Yeast : Rencontre avec un groupe Indie Pop !

Par Franco Onweb

Voici un des groupes de la nouvelle génération des plus prometteurs : Yeast ou l’histoire de 4 copains qui depuis plusieurs années illuminent les nuits lyonnaises avec leurs mélodies accrocheuses et leur besoins insatiable de faire danser leur public. C’est l’histoire d’un groupe qui de maxi splendides en concerts incendiaires a réussis à se faire place sur la scène française en restant furieusement indépendant.

J’ai discuté avec Léo, le chanteur d’un groupe qui sort son troisième maxi single et qui ne demande que à exploser, ce qui ne devrait pas tarder, la preuve juste après.

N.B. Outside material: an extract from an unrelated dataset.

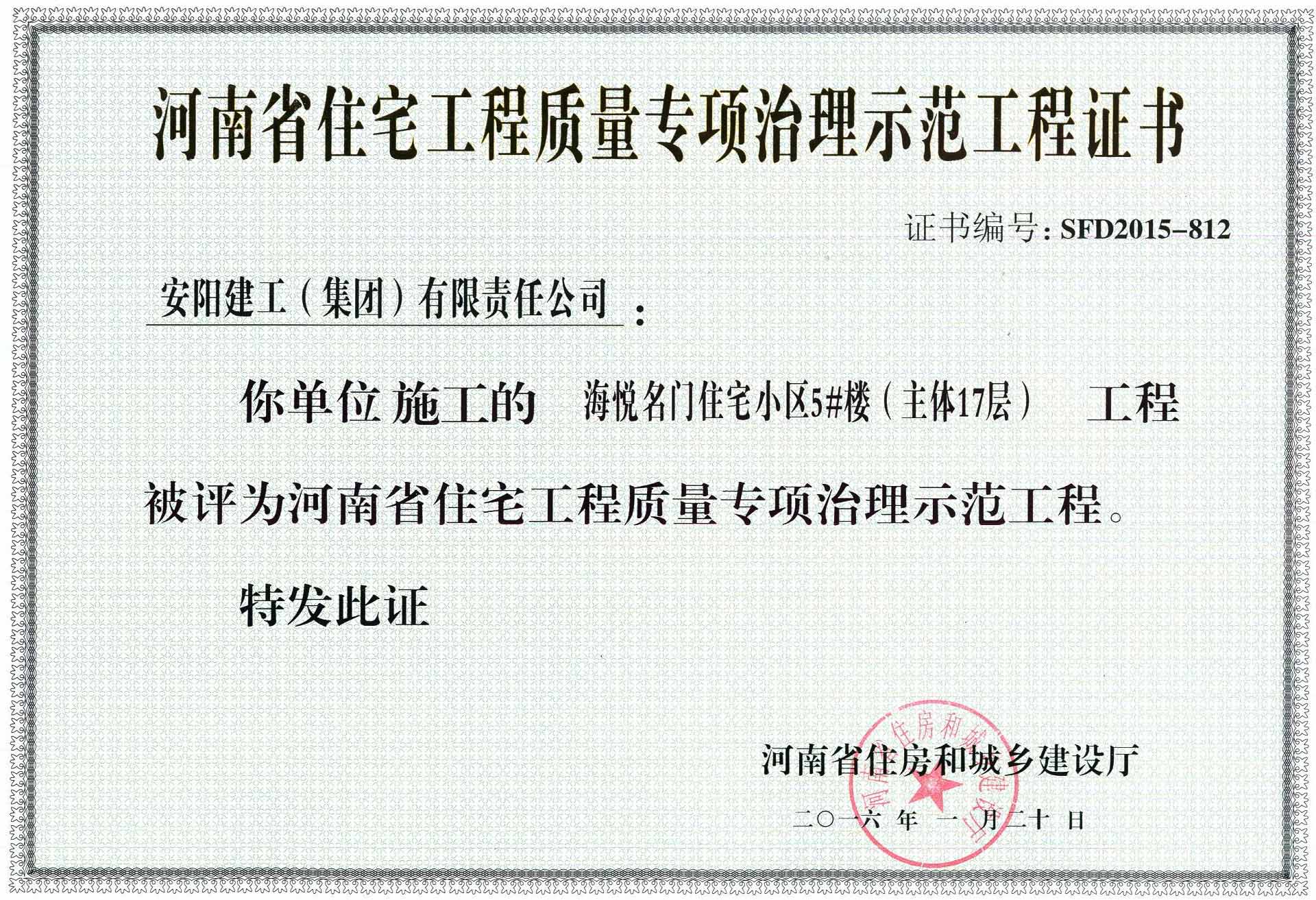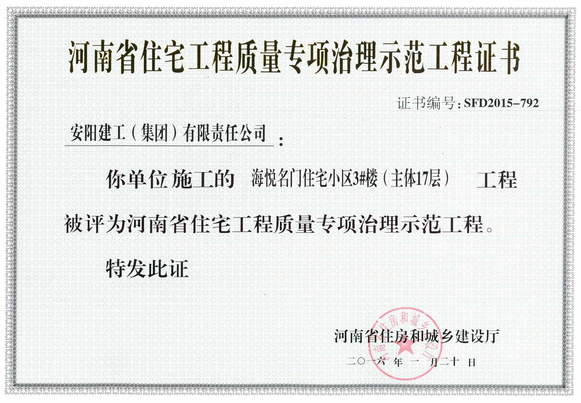 我公司施工的海悅名門住宅小區3#樓、4#樓、5#樓、6#樓工程榮獲“2015年度河南省住宅工程質量專項治理示范工程”榮譽。這是我公司按照住房和城鄉建設部工程質量兩年專項治理活動的工作部署以及《關于做好全省住宅工程質量專項質量示范工程評審工作的通知》要求,由安陽市住房和城鄉建設主管部門推薦申報,專家組現場復查,河南省住宅質量示范工程評審委員會評審之后得到的評價。

Yeast : Rencontre avec un groupe Indie Pop !
Lucy Rimey-Meille

Je suis Leo chanteur et guitariste du groupe YEAST, un quatuor pop rock funk lyonnais. On est un quatuor Arthur à la guitare et au chant, Judicaël à la basse et au chant et Cyril à la batterie.

Ca commence comment votre histoire ?

Au départ on s’est rencontré avec Arthur au lycée il y a une dizaine d’année. On a fait un premier projet ensemble qui a évolué quand le bassiste est arrivé il y a six ans, le batteur est arrivé il y a un an et demi. Mais le vrai tournant du groupe c’est quand on a rencontré Maxime notre manageur il y a deux ans et demi. C’est lui qui nous a vraiment mis sur les rails.

Quelles étaient vos influences de départ ?

On a beaucoup de groupes en commun comme Foster The People, les Foals, surtout en live. Mais on aime surtout beaucoup Supertramp. C’est un peu ancien comme référence mais cela nous va assez bien.

Personnellement vous me faites beaucoup penser à Phoenix ?

Effectivement on est très fan : c’est probablement le groupe que j’ai le plus vu en concert. On aime leur attitude mais aussi leur manière d’aborder le live : énergique et maitrisé.

Vous avez composé tout de suite ?

Oui, en même temps j’avais déjà des compositions parce que avant je faisais de la folk dans mon coin. En m’associant aux autre, cela m’a amené de nouvelles choses, des trucs que je n’avais pas imaginé … Après on a fait aussi des reprises mais à notre manière avec notre son, notre technique ….

(Yeast en concert à Paris, la Boule Noire, Octobre 2018 - Photo Bastien Amelot)

Mais vous avez repris quoi avec cette technique ?

En fait de manière totalement informelle, nous avons repris en live du MGMT, du Christine and The Queens ce genre de choses et là on va essayer de faire une reprise de Supertramp pour voir ce que cela peut donner.

Votre biographie vous présente comme étant un groupe de « pop indie » ?

Plus ou moins, on est un groupe de « pop indie » mais on se considère autant comme un groupe de funk, que de pop mais aussi de rock. Par exemple notre EP est très pop funk mais notre live est très rock. On a donc une vision plus large que simplement de la pop. Après pour ce qui est de l’indie, on a baigné dedans avec tous ces groupes comme les Strokes ou les Artic Monkeys. Concrètement on peut dire que on est indie parce qu’on est toujours indépendant. On est très content de l’être et de pouvoir continuer à nous développer comme ça. Mais l’indie ç’est à la fois une manière de penser mais aussi une mouvance et on est dans cette mouvance.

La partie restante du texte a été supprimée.